Similarly, Hugging Face open-sources the Transformer library and thousands of pre-trained models to attract developers and then provides paid privatization solutions such as model monitoring, version management, and team collaboration to enterprise customers, seeking commercial success. This model is now relatively common in the AI industry.
For developers, this comprehensive advanced service system is a significant reason for choosing a platform. Similarly, for investors, the current commercial logic of the AI industry is more rational and sustainable than merely discussing open-source large models, enabling a clearer assessment of its profit model.

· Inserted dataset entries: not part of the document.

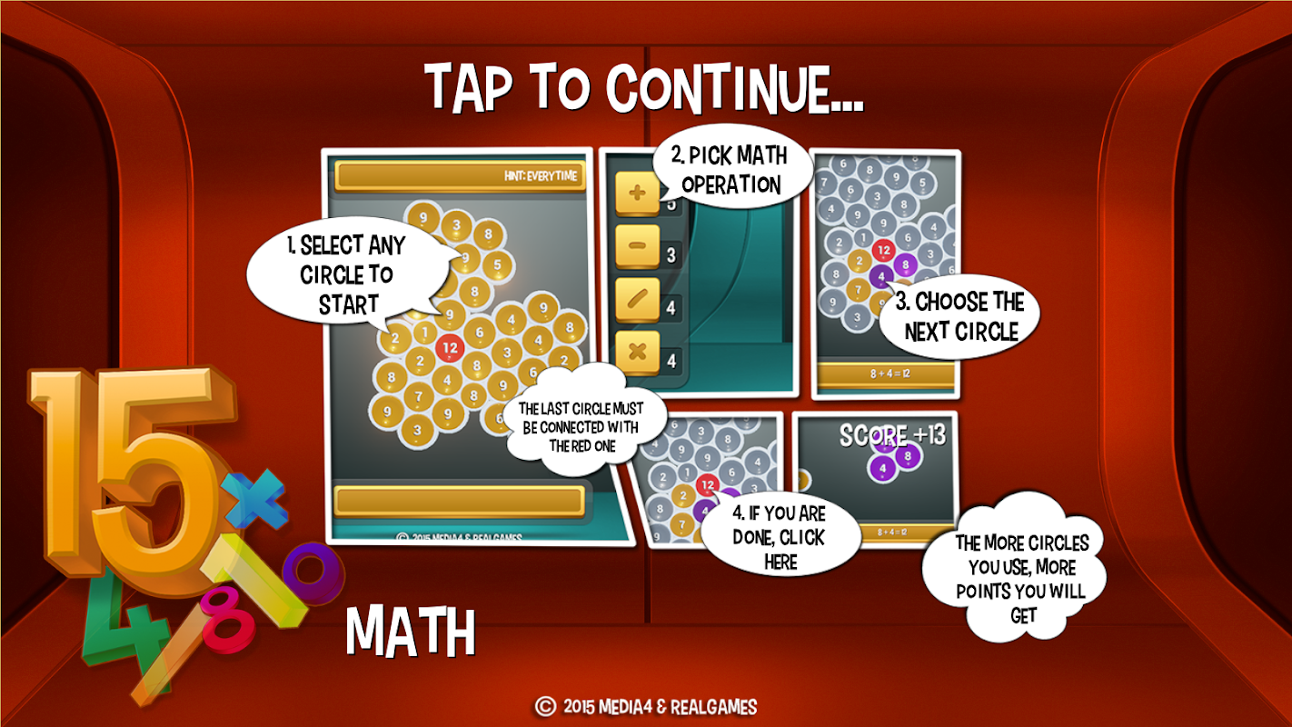 Touch numbers and choose the operations to solve a given number that is displayed in a red circle. Simple rules, and great casual gameplay. The number in the red circle is the one you should try to reach by using limited number of operations and available numbers. The trick is that all of the selected circles must be bordering, and the last selected has to be bordering with the red one. More solutions you have, more points you will get!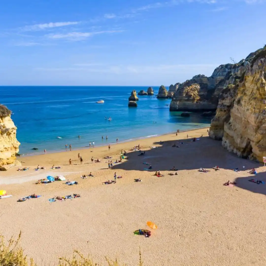 Praia Dona Ana is located in an area known as Costa D’Oiro, a name that derives from the tonality that the rocks around the beach have. In 2013, by Condé Nast Traveller magazine, Praia Dona Ana was considered the best beach in the world and the most beautiful in Portugal. In 2015, it was elected the best Portuguese beach by TripAdvisor. Due to the fact that it is very popular in the summer season, it is sometimes difficult to find parking near the beach, with scooters being an excellent option for transport and mobility.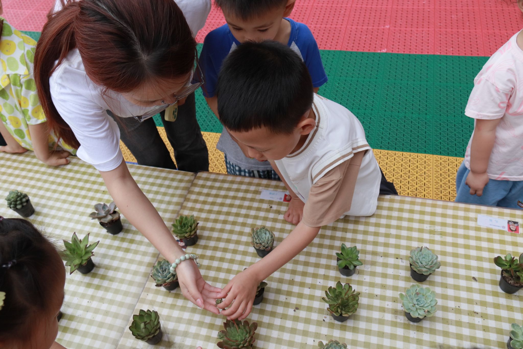 在植物标本识别环节,同学们手持枫叶、银杏叶等10余种植物标本,用生动形象的语言向小朋友们介绍植物的名称和特点。随后,小朋友们手持放大镜,分组仔细观察标本的纹理、细节,与小伙伴分享自己的发现。在昆虫标本识别环节,同学们以有趣的故事引入,如讲述破茧成蝶的故事,巧妙地引出凤蝶标本,进而介绍昆虫的生活习性和外貌特征。小朋友们围在昆虫标本旁,瞪大眼睛,充满好奇地观察蝴蝶绚丽的翅膀。在多肉植物识别环节,同学们介绍了多肉植物的特点后,带领小朋友们逐一认识观音莲、熊童子等品种。小朋友们轻轻触摸多肉的叶片,感受其独特的质感。活动中,同学们全程陪伴引导,以耐心与热情,让知识传递满是温度,使环保理念如春风化雨,悄然浸润着孩子们的心灵。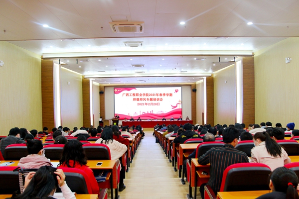為進(jìn)一步加強(qiáng)我校師德師風(fēng)建設(shè),提高全校教職工的職業(yè)道德素養(yǎng),促進(jìn)教職工以優(yōu)良的作風(fēng)和昂揚(yáng)的精神面貌投入到新學(xué)期的各項(xiàng)工作中,2021年2月28日,學(xué)校在圖文信息大樓召開新學(xué)期師德師風(fēng)專題教育培訓(xùn)會(huì),學(xué)校黨政領(lǐng)導(dǎo)及全體教職工參加培訓(xùn)會(huì)。會(huì)議由副校長羅艷妮主持。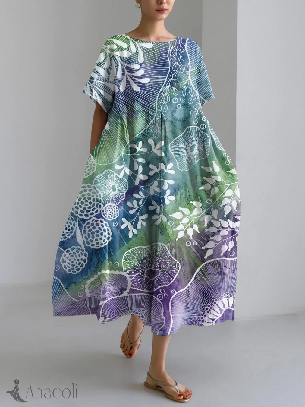 Retro Circle Abstract Art Print Linen Blend Maxi Dress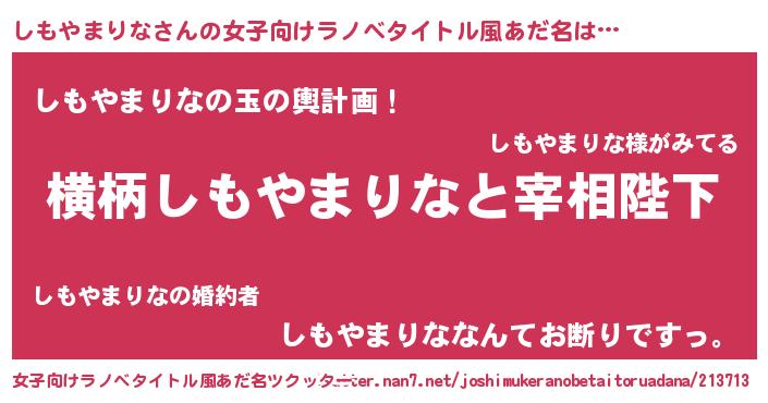 | 男性向けラノベタイトル風あだ名 | 『しもやまりなに滅ぼされるだけの簡単なお仕事です』 |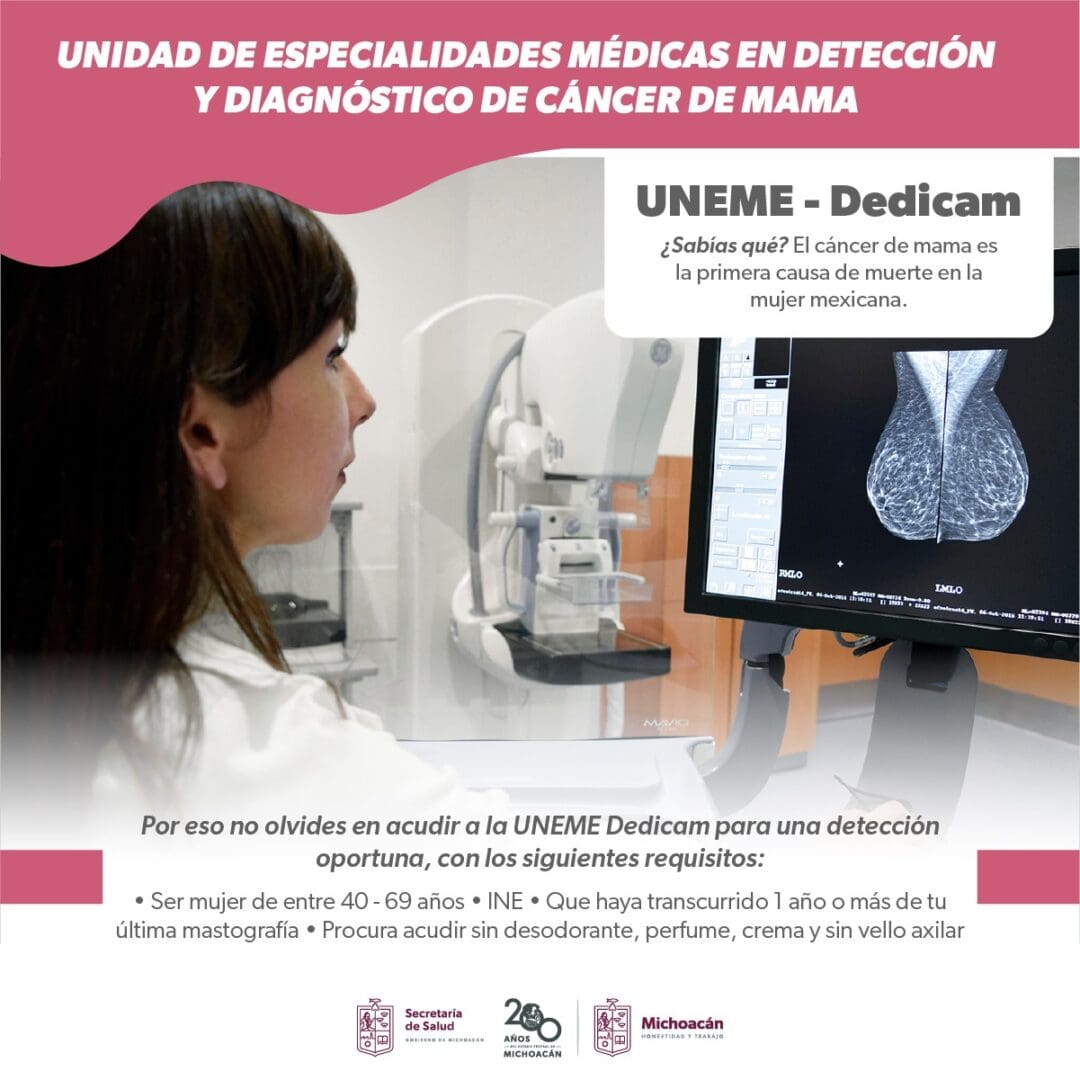 La Unidad de Especialidades Médicas Dedicada a la Detección del Cáncer de Mama (Uneme Dedicam), de la Secretaría de Salud de Michoacán (SSM), proporciona servicios gratuitos de detección y diagnóstico de cáncer de mama.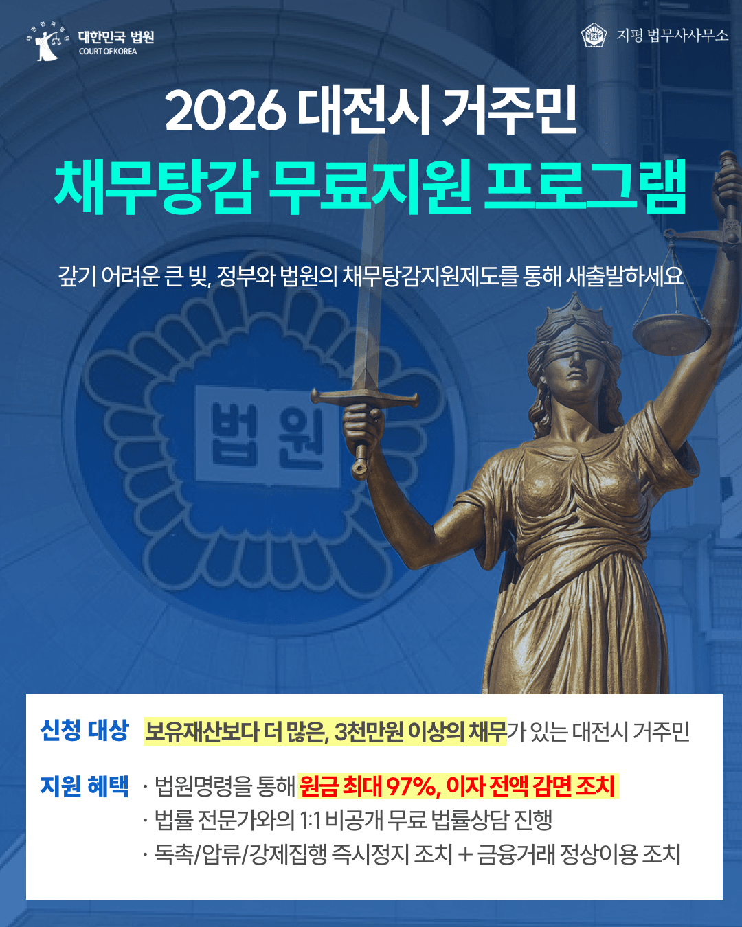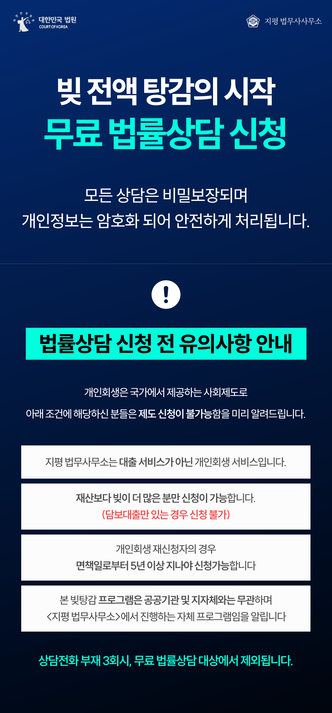 ※ 최소 3천만원 이상이어야 무료법률상담 지원가능합니다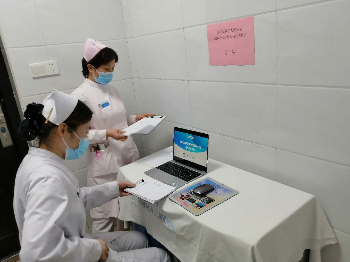 技术比武分为线上理论考核、多站式临床思维及技能考核两部分,分别于2020.4.22、4.23日在门诊六楼及儿科监护室进行,选手们都是从各个病区选拔出的优秀人员,选手们积极准备,监考老师严格考核,马院长及段主席现场指导,铺就了我院为提高护理人员综合素质的全新画面。
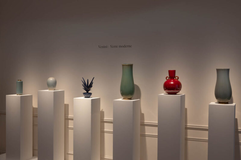 乳白がかったローズ、深いルージュ、琥珀のようなイエロー──釉薬の溶け込みがつくるグラデーションは、金属と木のストイックな面をやわらかく受けとめ、空間全体に静かなリズムを与えている。ここにも1925年博覧会以降のフランスが得意としてきた「色と素材による装飾」の系譜が見て取れる。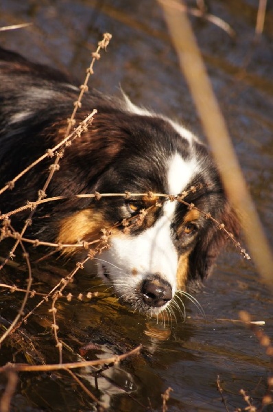 C'est également une excellente nageuse et une chienne très respectueuse des bêtes, elle n'aime pas quand les choses s'agitent et se fixe rapidement dans sa tâche donnée.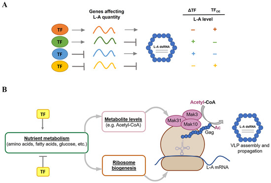 Schematic representation of links between transcription factors (TFs), differently expressed genes (DEGs), and levels of L-A virus. (A) TF can either activate (orange and green TFs) or inhibit (blue and yellow TFs) the transcription of genes. DEGs can either favor or repress the propagation of L-A virus, thereby resulting in alterations of the L-A dsRNA levels. Consequently, the deletion (ΔTF) or overexpression (TFOE) of certain TFs can contribute to changes in gene expression. The elimination or overexpression of certain TFs can change—increase (+) or decrease (−)—the intracellular L-A dsRNA level by changing the balance of transcripts that are important for L-A virus maintenance. All TFs act simultaneously to impact the total amount of L-A virus. (B) Relationship between TFs and known cellular factors affecting L-A virus replication. TFs regulate the transcription of genes involved in nutrient metabolism, which is directly linked to the cellular metabolite levels and ribosome biogenesis. Acetyl-CoA is a substrate for the NatC acetyltransferase complex, composed of Mak3, Mak10, and Mak31 subunits, which is necessary for co-translational Gag protein acetylation. The translation of viral proteins by ribosome and Gag acetylation is essential for L-A virus assembly and propagation.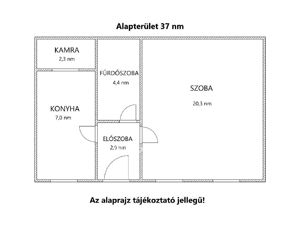 Az ingatlan 37 nm alapterületű, egyszobás.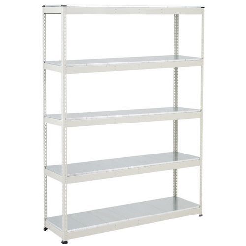 Rayonnage industriel simple et ultra-robuste pour stockage des marchandises de charge lourde. Tablette pleine acier parfaite pour l'entrepôt des pièces en vrac et/ou des produits graisseux. Finition zinguée pour zone humide ou peinture époxy gris/bleu pour environnement sec. Étagère d'entrepôt de montage facile, sans l'aide de techniciens et d'outils spécifiques.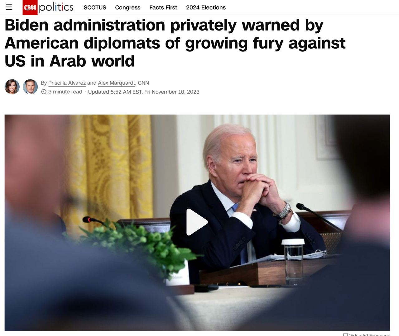 Сообщается, что внутри администрации растет обеспокоенность по поводу поддержки США Израиля, а также Байден столкнулся с "растущим разочарованием внутри страны".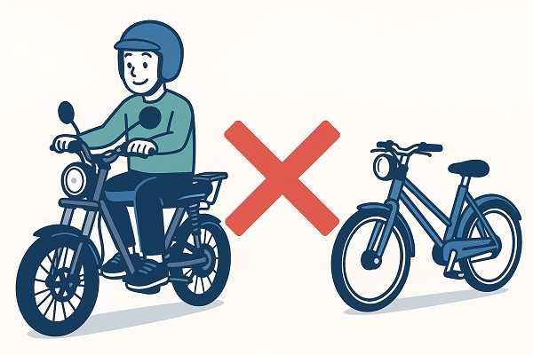 要は自転車のような見た目をしているだけで、一般的な原付バイクとほとんど変わらない乗り物なのです。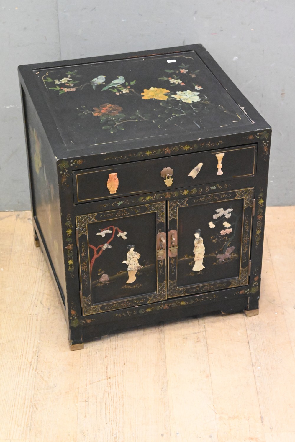 A CHINESE TWO DOOR DECORATIVELY PAINTED CHEST WITH RAISED DETAILING (56H X 51W X 51D CM) (LEONARD JOEL DELIVERY SIZE: LARGE)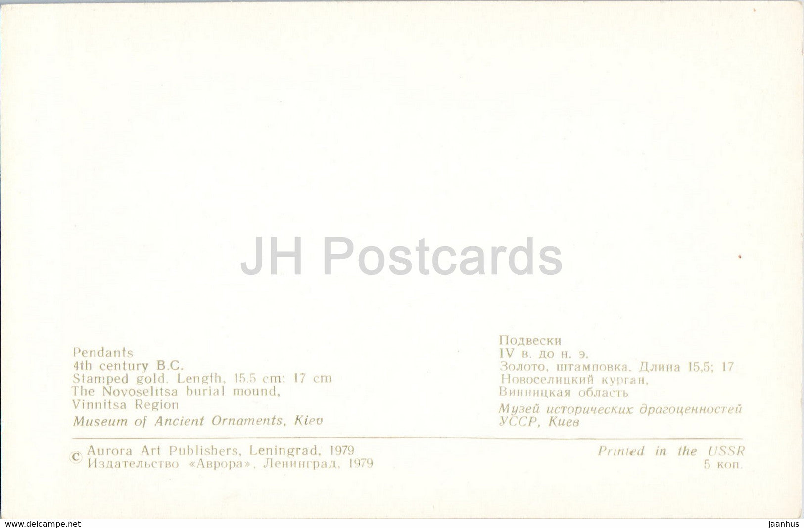 Pendants - Novoselitsa burial mound - Goldwork of 6th-2nd centuries BC - Ancient Art - 1979 - Russia USSR - unused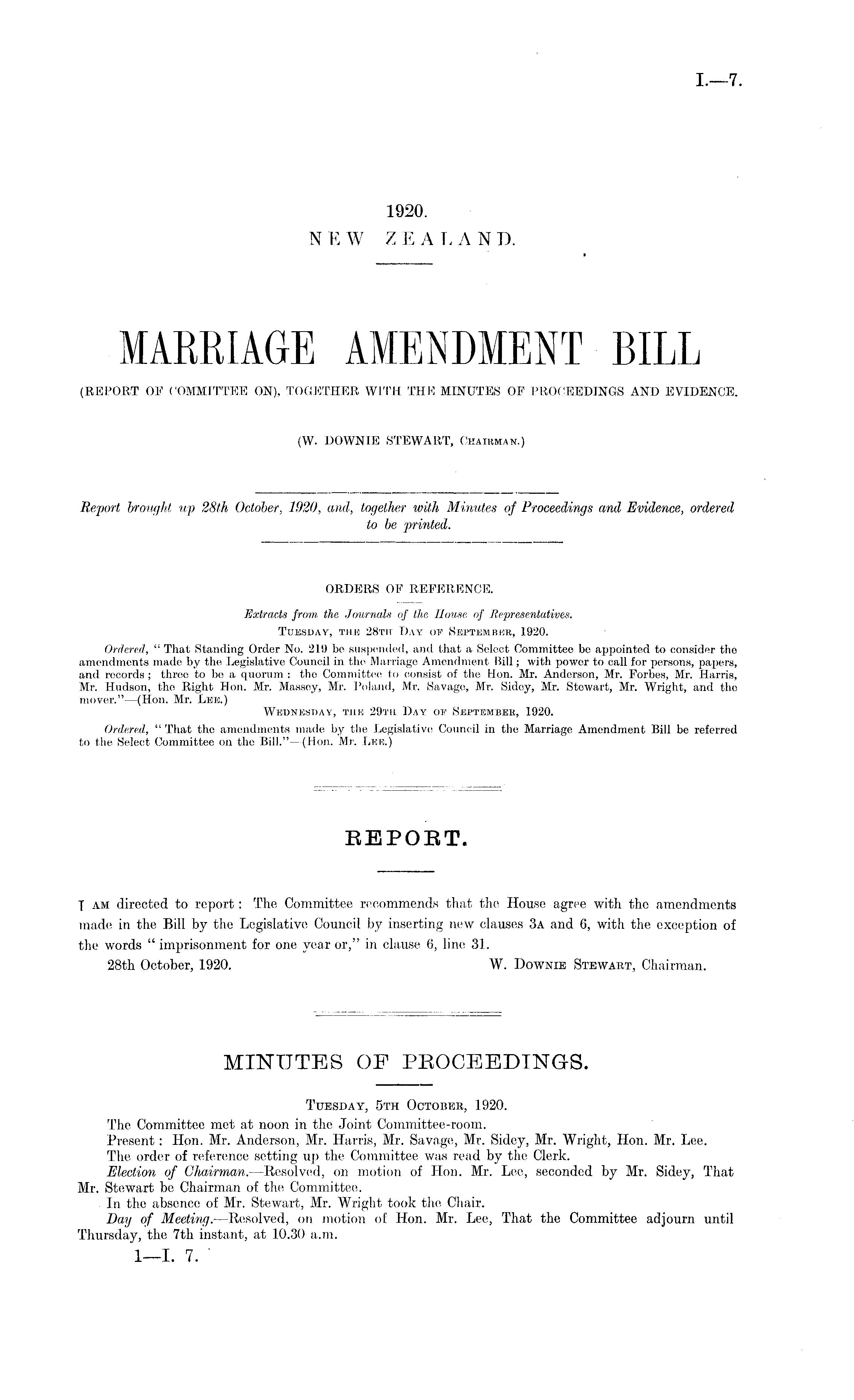 ORDERS OF REFERENCE. Extracts from, the Journals of the House of Representatives. Tuesday, the 28tti Day op September, 1920. Ordered, " That Standing Order No. 219 be suspended, and that a Select Committee be appointed to consider tho amendments made by the Legislative Council in the Marriage Amendment Bill; with power to call for persons, papers, and records ; three to be a quorum : the Committee to consist of the Hon. Mr. Anderson, Mr. Forbes, Mr. Harris, Mr. Hudson, the Right Hon. Mr. Massey, Mr. Poland, Mr. Savage, Mr. Sidcy, Mr. Stewart, Mr. Wright, and the mover." —(Hon. Mr. Lee.) Wednesday, the 29th Day op September, 1920. Ordered, " That the amendments made by the Legislative Council in the Marriage Amendment Bill be referred to the Select Committee on the Bill." —(Hon. Mr. Lee.)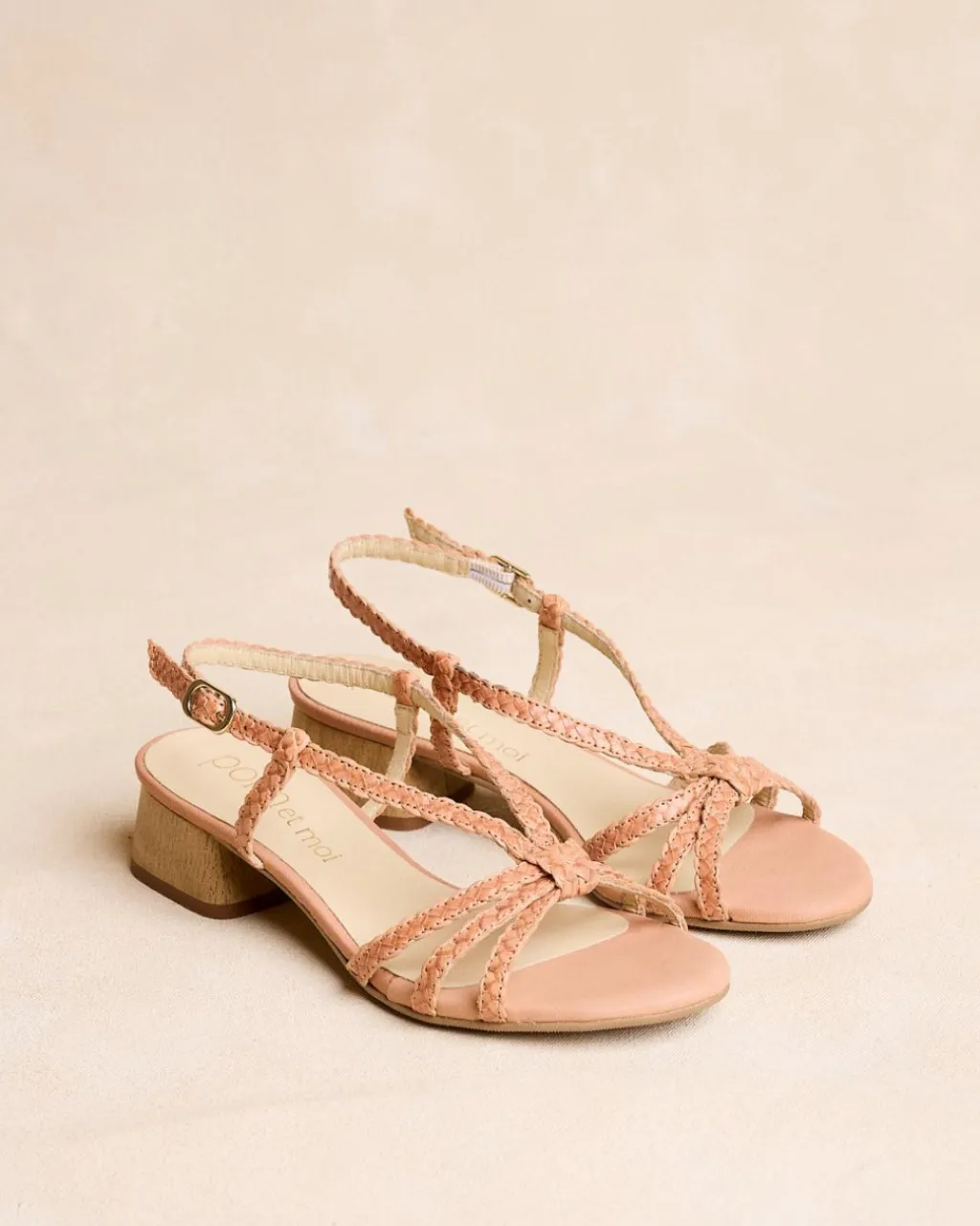 Sandale à talon tressé en cuir camel. Tige en ruban triple tressé avec détail de nœud au centre. Talon fermé par une bride en cuir avec boucle pour un meilleur ajustement. Petit talon carré effet bois. Une sandale confortable et très polyvalente à porter au quotidien.

After the popularity explosion of DeepSeek, cloud platforms from giants like Tencent, Baidu, and Huawei have successively completed access. Open-source large models do not fundamentally widen the gap between companies, and their appeal to developers often stems from cloud services, such as whether there is a comprehensive development toolchain, whether support for modules like data storage, AI tuning, and model fine-tuning meets standards, and whether they can provide inclusive computing resources for developers.
Conclusion
Open source is regarded as the optimal path for the Chinese large model industry to break through technological blockades and achieve security and controllability. However, it's crucial to recognize that model capability is not the sole goal, and a singular focus on open-source models is insufficient. Commercial sustainability is equally paramount. Especially for developers and investors, as participants and financial backers in the large model industry, they are more concerned about commercial development issues beyond open-source large models.
The tariff barriers imposed by the United States are exacerbating the survival pressure on the large model industry. The more this is the case, the higher the preference for cloud platforms among developers compared to open-source models themselves. From this perspective, open source still has a long way to go, and this journey transcends large models, encompassing a leap across the entire ecosystem.